◆ PROBLEM REQUIREMENTS
Reproduce exactly the first line of the material below and every line after it, ending with the line that contains "2023년 2월 9일, 디씨인사이드의". No pictures should be copied.

◆ GIVEN INFORMATION
________

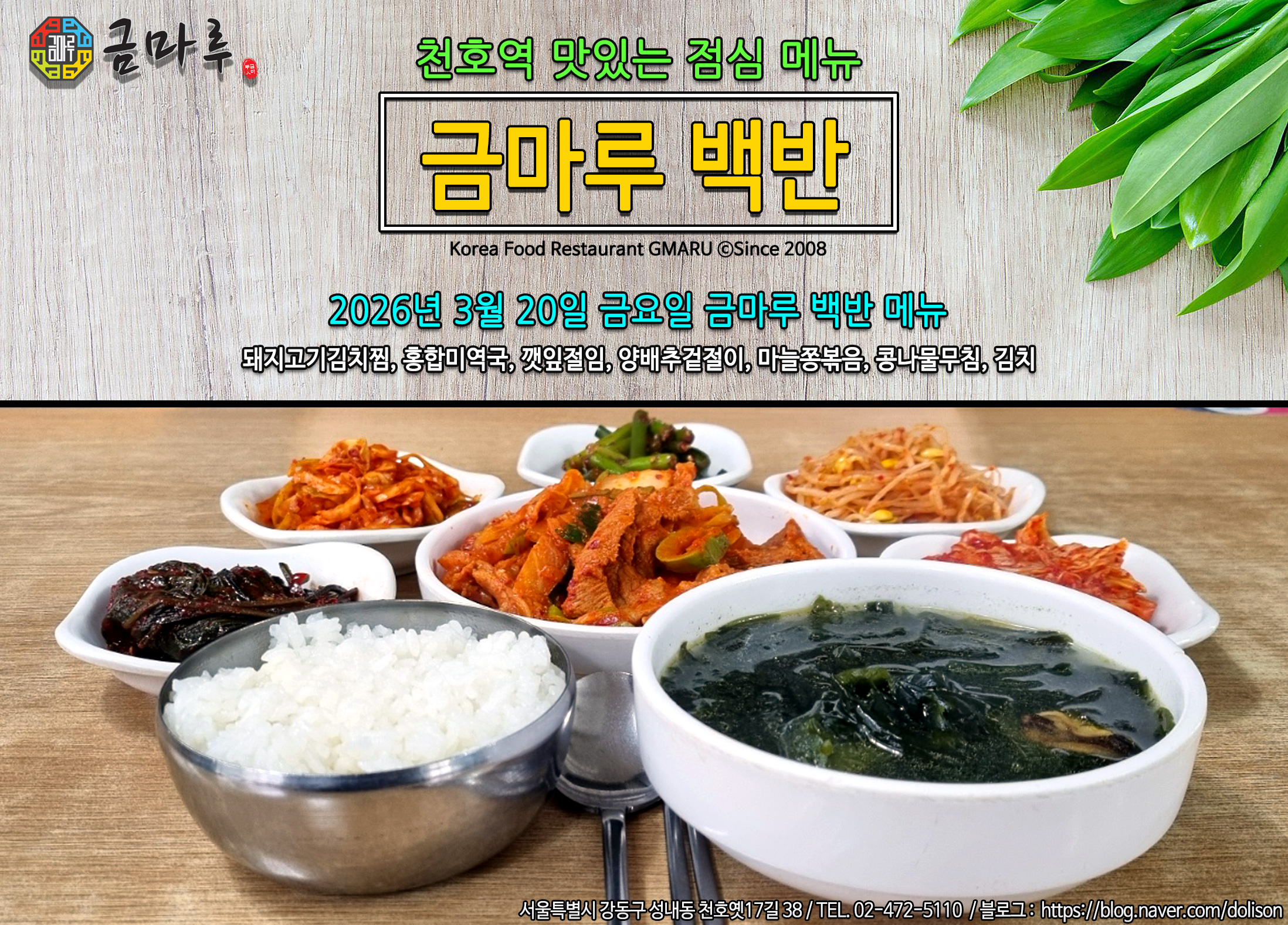 < 2026년 3월 20일 금요일 천호역 금마루 백반 메뉴 구성 >
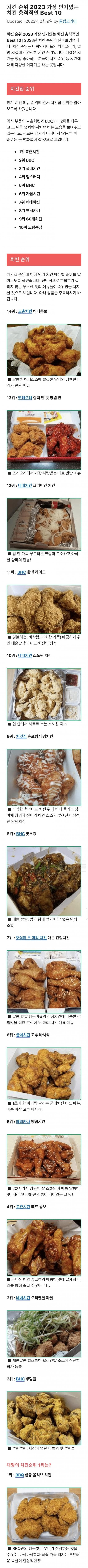 2023년 2월 9일, 디씨인사이드의 치킨갤러리, 일명 치갤에서 인정한 치킨 순위가 발표되었습니다. 치킨집 순위는 교촌치킨과 BBQ가 1,2위를 다투며 뒤를 이어가고 있는 것으로 나타났습니다. 이 순위는 큰 변화 없이 유지될 것으로 예상됩니다. 인기 치킨 메뉴 순위도 조사되어, 전반적으로 맛이 괜찮은 메뉴들이 상위권을 차지한 것으로 보입니다. 그 중에서도 교촌치킨의 허니콤보와 또래오래의 갈릭반 핫양념 반, 그리고 네네치킨의 크리미언 치킨 등이 주목받았습니다. 그 밖의 인기 치킨 메뉴 순위는 다음과 같습니다. 3위는 굽네치킨, 4위는 맘스터치, 5위는 BHC, 6위는 자담치킨, 7위는 네네치킨, 8위는 멕시카나, 9위는 60계치킨, 10위는 노랑통닭입니다. 치킨을 좋아하는 분들에게는 참고할만한 정보가 되리라 생각됩니다.
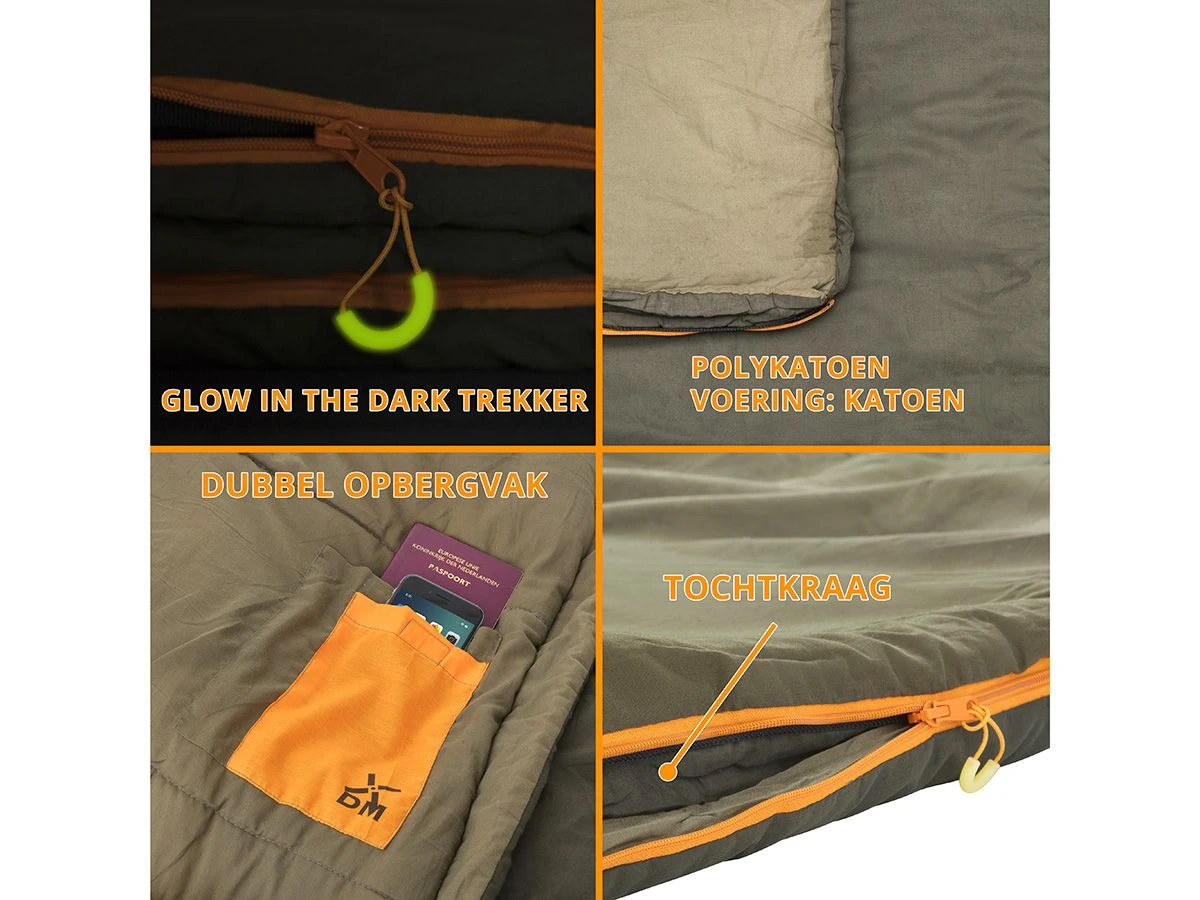 Ook de ‘Vlieland’ is door Dutch Mountains van allerlei slimme nuttigheden voorzien. Berg je paspoort of telefoon veilig op in de twee klittenbandvakken in de slaapzak. En wat dacht je van glow in the dark zippers? Nooit meer op zoek naar je zipper in het donker en bovendien blijft je rits dicht als je draait in je slaap omdat de zippers zijn uitgerust met zip-stop. Rits trouwens ook gerust twee ‘Vlieland’s’ aan elkaar. De ritsen zijn er klaar voor!

________

◆ OUTPUT FOR THIS EXERCISE
 < 2026년 3월 20일 금요일 천호역 금마루 백반 메뉴 구성 >
 2023년 2월 9일, 디씨인사이드의 치킨갤러리, 일명 치갤에서 인정한 치킨 순위가 발표되었습니다. 치킨집 순위는 교촌치킨과 BBQ가 1,2위를 다투며 뒤를 이어가고 있는 것으로 나타났습니다. 이 순위는 큰 변화 없이 유지될 것으로 예상됩니다. 인기 치킨 메뉴 순위도 조사되어, 전반적으로 맛이 괜찮은 메뉴들이 상위권을 차지한 것으로 보입니다. 그 중에서도 교촌치킨의 허니콤보와 또래오래의 갈릭반 핫양념 반, 그리고 네네치킨의 크리미언 치킨 등이 주목받았습니다. 그 밖의 인기 치킨 메뉴 순위는 다음과 같습니다. 3위는 굽네치킨, 4위는 맘스터치, 5위는 BHC, 6위는 자담치킨, 7위는 네네치킨, 8위는 멕시카나, 9위는 60계치킨, 10위는 노랑통닭입니다. 치킨을 좋아하는 분들에게는 참고할만한 정보가 되리라 생각됩니다.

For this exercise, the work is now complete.